Sherman L. Fleek is an American military historian.  He was born at Hill Air Force Base and raised in Layton, Utah.  His work specializes on Mormon military history, particularly the history of the Mormon Battalion during the Mexican–American War. He has also written on topics related to Latter-day Saint (LDS) history that are not always military in nature.

Career
Fleek rose to the rank of Lieutenant Colonel in the United States Army, serving as an aviator, Special Forces officer, and historian in several command and staff positions. His last duty in the Army was chief historian for the National Guard Bureau in Washington D.C., before retiring in 2002. In 2005, during his service as a historian for a Civil War non-profit preservation foundation in the Shenandoah Valley in Virginia, the Army approached Fleek to enter federal civil service and become the official command historian for the United States Army reconstruction effort in Iraq. Fleek deployed to Iraq for four months in 2006, and followed that by serving as command historian of Walter Reed Army Medical Center from 2007 to 2009. In May 2009, he assumed the position as historian for the United States Military Academy at West Point.

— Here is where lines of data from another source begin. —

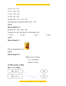 Câu 3. Trong các phép tính dưới đây, phép tính có kết quả bé nhất là: A. 68 + 145 B. 127 + 198 C. 301 - 109 D. 354 - 84
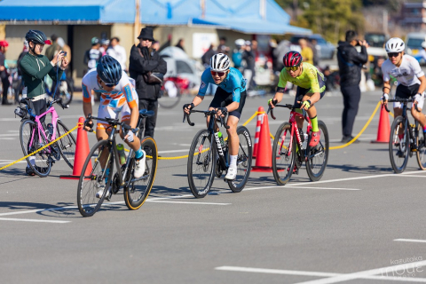 しばらくは集団が1つであったが、田中(写真右)と小館(写真中央)がアタックし集団から抜け出す
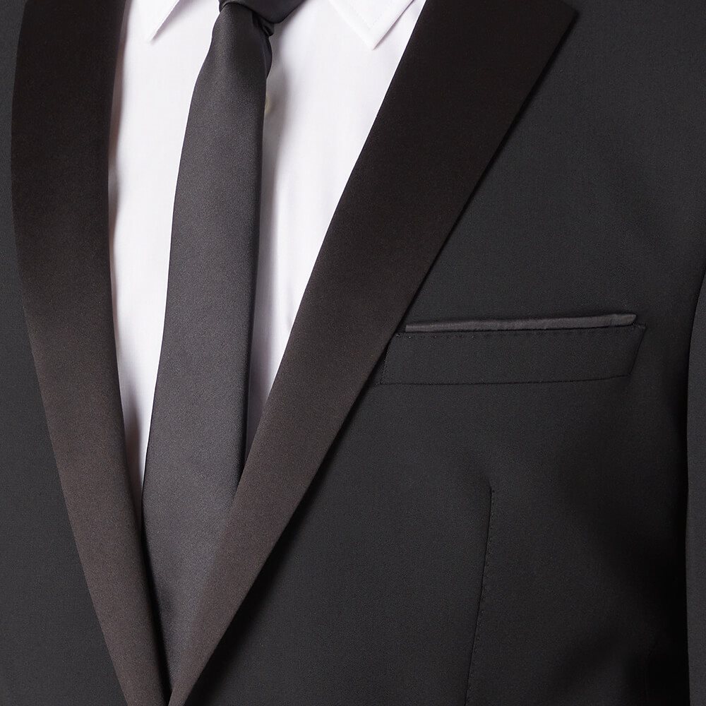 Look perfectly put together for your special occasion with the sophisticated Remus Uomo Men’s Rocco Slim Suit Jacket. This stunning black suit jacket features slim notched satin lapels, a single-breasted two-button front, and side vents for a comfortable fit.
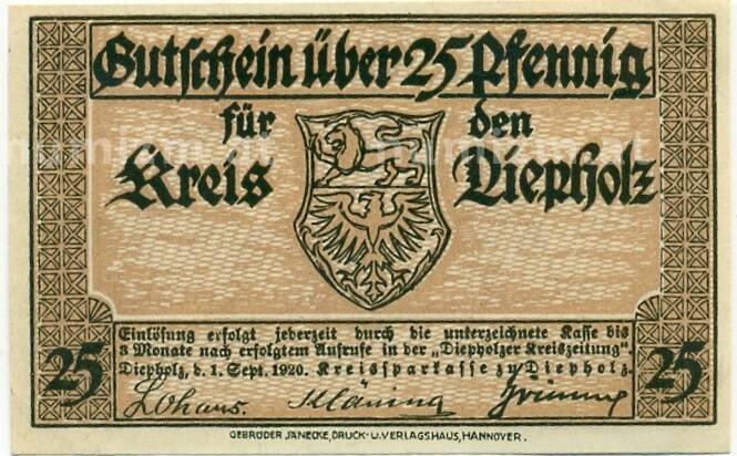 Купить 25 пфеннигов 1921 года Германия — Дипхольц (Нотгельд) по привлекательной цене можно в нашем интернет-магазине — Вам достаточно оформить заказ на сайте. Все монеты, представленные в каталоге, находятся в наличии на нашем складе.
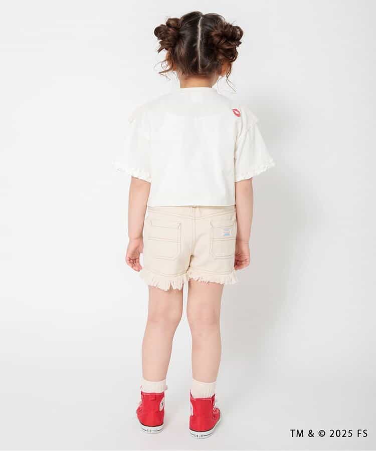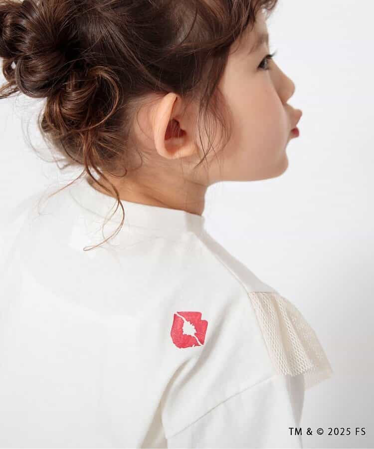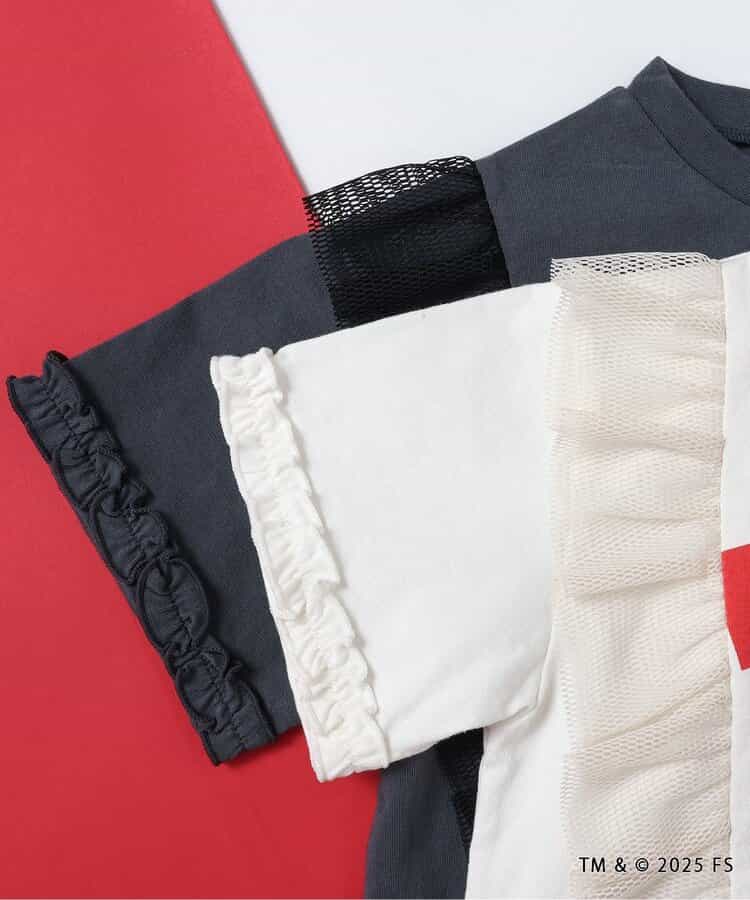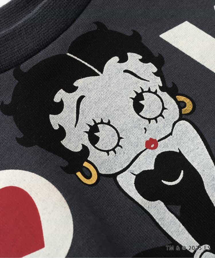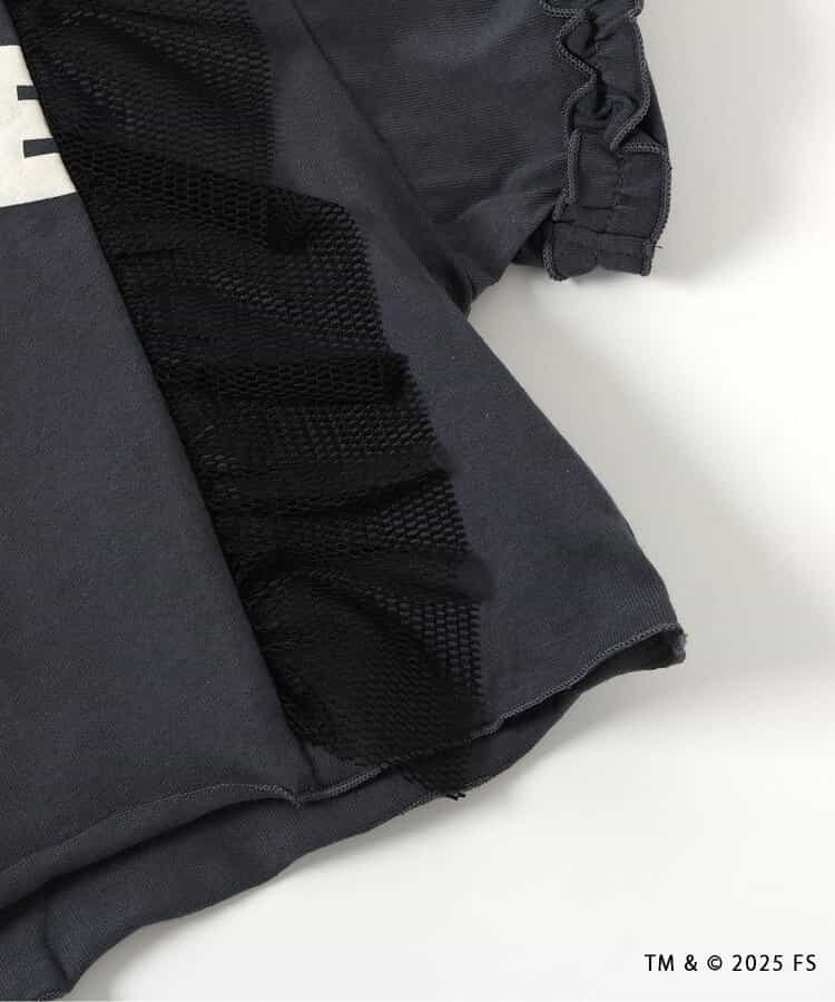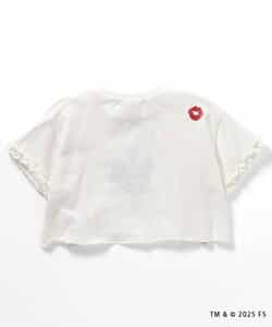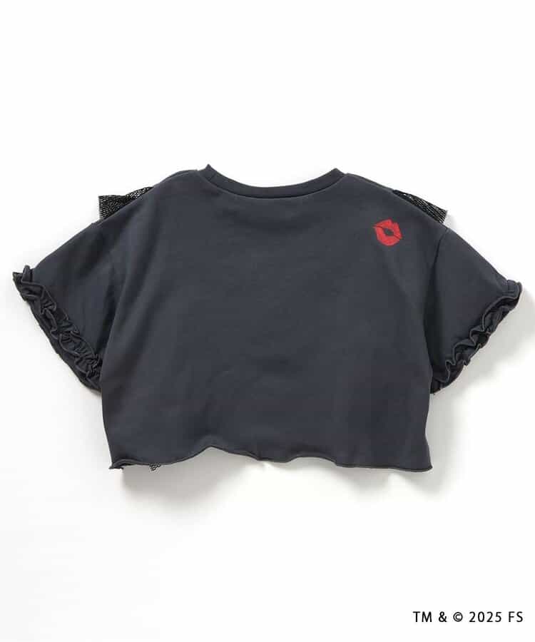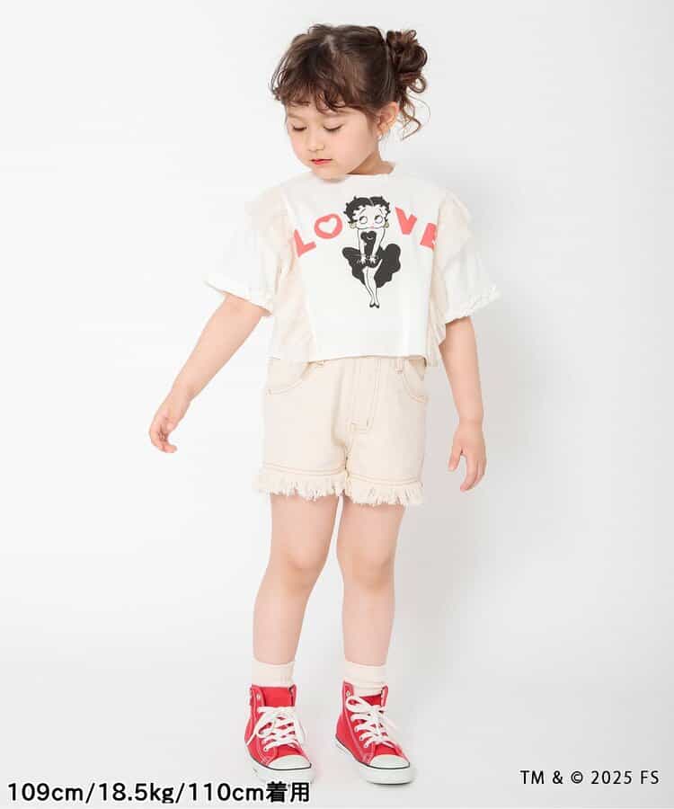 【Betty Boop (TM)】ベティーちゃんや「LOVE」のプリントが目を惹くデザインのTシャツは、メッシュ素材のフリル付きで存在感抜群!袖部分やバックプリントにも注目◎短めの着丈でどんなボトムスともバランスよく着ていただけます♪ゆったりワイドなシルエットなので暑い夏もストレスフリー◎お出かけにもおすすめアイテムです♪

Fleek received a bachelor's degree in English from Brigham Young University in 1982, and a master's degree in history from the University of Colorado at Colorado Springs while serving in the Army at Fort Carson. He is a Latter-day Saint and served an LDS mission in the Idaho Pocatello Mission from 1977 to 1979, after completing four years in Germany as an enlisted soldier with the Army from 1973 to 1977.

Works
Books by Fleek include History May Be Searched in Vain: A Military History of the Mormon Battalion (414 pages, Arthur H. Clark Company) which won the Utah State History Society Amy Price Military History Award for 2007. He also wrote, Place the Headstones Where They Belong : Thomas Neibaur, WWI Soldier (Logan: Utah State University Press).  Fleek has contributed many articles to Military History, America's Civil War, Wild West, Army, and Mormon Heritage Magazine.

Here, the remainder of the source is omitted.